The Church of Ireland Diocese of Down and Dromore from a Welfare State Perspective, 1945-1980
Author : Gordon McMullan
Publisher :
Page : pages
File Size : 41,93 MB
Release : 2004
Category :
ISBN :
Author : Gordon McMullan
Publisher :
Page : pages
File Size : 41,93 MB
Release : 2004
Category :
ISBN :
Author :
Publisher :
Page : 356 pages
File Size : 11,70 MB
Release : 2005
Category : Dissertations, Academic
ISBN :
Author :
Publisher :
Page : 730 pages
File Size : 37,55 MB
Release : 2005
Category : Great Britain
ISBN :
Author : Church of Ireland. Diocese of Down, Connor, and Dromore
Publisher :
Page : 143 pages
File Size : 46,23 MB
Release :
Category :
ISBN :
Author : William Albany Macourt
Publisher :
Page : 88 pages
File Size : 40,20 MB
Release : 1985
Category : Northern Ireland
ISBN :
Includes list of parishes and clergy past and present in both dioceses.
Author : Fred Powell
Publisher : Policy Press
Page : 308 pages
File Size : 12,89 MB
Release : 2017-09-13
Category : Political Science
ISBN : 1447335376
The political economy of the Irish welfare state provides a fascinating interpretation of the evolution of social policy in modern Ireland, as the product of a triangulated relationship between church, state and capital. Using official estimates, Professor Powell demonstrates that the welfare state is vital for the cohesion of Irish society with half the population at risk of poverty without it. However, the reality is of a residual welfare system dominated by means tests, with a two-tier health service, a dysfunctional housing system driven by an acquisitive dynamic of home-ownership at the expense of social housing, and an education system that is socially and religiously segregated. Using the evolution of the Irish welfare state as a narrative example of the incompatibility of political conservatism, free market capitalism and social justice, the book offers a new and challenging view on the interface between structure and agency in the formation and democratic purpose of welfare states, as they increasingly come under critical review and restructuring by elites.
Author : Fred W. Powell
Publisher :
Page : pages
File Size : 10,83 MB
Release :
Category : Ireland
ISBN : 9781447332930
This is a fascinating interpretation of the evolution of social policy in modern Ireland, as the product of a triangulated relationship between church, state and capital.
Author : Sophia Carey
Publisher :
Page : 418 pages
File Size : 40,62 MB
Release : 2007
Category : History
ISBN :
This book explores the factors which have shaped the Irish welfare state, through a case study of social security development between 1939 and 1952. At the heart of contemporary debates about the influences shaping welfare state outcomes lie the concepts of industrialisation, modernisation, religion, and patterns of state-formation. The Irish case provides a unique insight into these debates. Ireland is a European welfare state, but one in which colonial legacies are paramount. It is a modern, but late-industrialising nation, and for much of the modern period, Catholicism has been unusually influential. The book looks at how these idiosyncratic Irish experiences shaped a distinctive welfare state, and considers what this tells us about contemporary theoretical perspectives on social policy. This account of the behind the scenes battles over social security, tells us a great deal about how the welfare state in Ireland took the shape it did, and in the process, raises questions about well-established accounts of the role of the Church, political parties, and interest groups in shaping distributive outcomes which would persist for many decades.

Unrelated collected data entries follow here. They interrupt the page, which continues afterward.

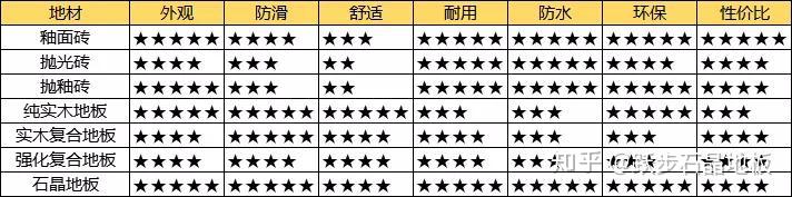 说了那么多,下面再用一张表格帮忙各人清点一下,其实每种地材都有本身的长处和不敷,按照利用情况和需求选择就ok了!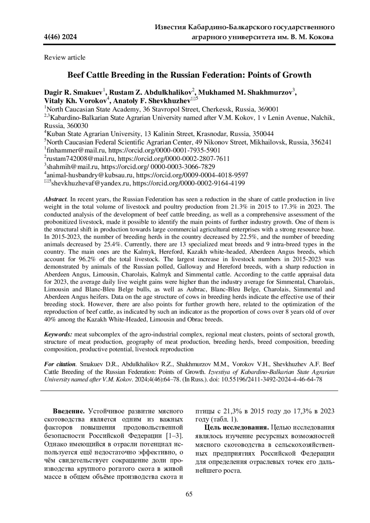 За последние годы в Российской Федерации наблюдается сокращение доли производства крупного рогатого скота в живой массе в общем объѐме производства скота и птицы с 21,3% в 2015 году до 17,3% в 2023 г. Проведѐнный анализ развития мясного скотоводства, а также комплексная оценка пробонитированного поголовья позволили определить основные точки дальнейшего отраслевого роста. Одной из них является структурный сдвиг производства в сторону крупных товарных сельскохозяйственных предприятий, имеющих мощную ресурсную базу. За 2015-2023 гг. количество племенных стад в стране сократилось на 22,5%, а численность племенных животных уменьшилась на 25,4%. В настоящее время в стране насчитывается 13 специализированных мясных пород и 9 внутрипородных типов. Основными из них являются калмыцкая, герефордская, казахская белоголовая, абердин-ангусская породы, на долю которых приходится 96,2% от общего поголовья. При этом наибольший прирост поголовья за 2015-2023 гг. показали животные русской комолой, галловейской и герефордской пород при резком сокращении абердин-ангусского, лимузинского, шаролезского, калмыцкого и симментальского скота. По данным бонитировки скота за 2023 год среднесуточные приросты живой массы выше среднеотраслевых значений имели бычки симментальской, шаролезской, лимузинской пород и породы бланк-блю бельж, а также тѐлки породы обрак, бланк-блю бельж, шаролезской, симментальской и абердинангусской. Данные о возрастной структуре коров в племенных стадах свидетельствуют об эффективном использовании их маточного поголовья. Однако и здесь имеются точки для дальнейшего роста, связанные с оптимизацией воспроизводства мясного скота, на что указывает такой показатель, как доля коров старше 8 лет свыше 40% у казахской белоголовой, лимузинской пород и породы обрак.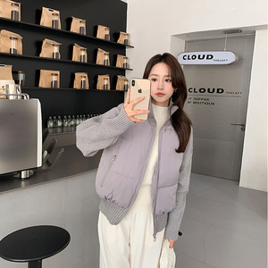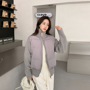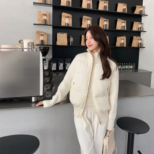 クリームパフニットスプライシングセーターダウンコットンジャケット女性のための 2025 秋と冬の新しい韓国のハイエンド暖かいジャケット

Author : Church of Ireland. Diocese of Connor
Publisher :
Page : 93 pages
File Size : 29,21 MB
Release : 1974
Category :
ISBN : 9780903152099
Author : B. Walker
Publisher : Springer
Page : 267 pages
File Size : 50,92 MB
Release : 2012-01-17
Category : History
ISBN : 0230363407
This ground-breaking political history of the two Irish States provides unique new insights into the 'Troubles' and the peace process. It examines the impact of the fraught dynamics between the competing identities of the Nationalist-Catholic-Irish Community on the one hand and the Unionist-Protestant-British community on the other.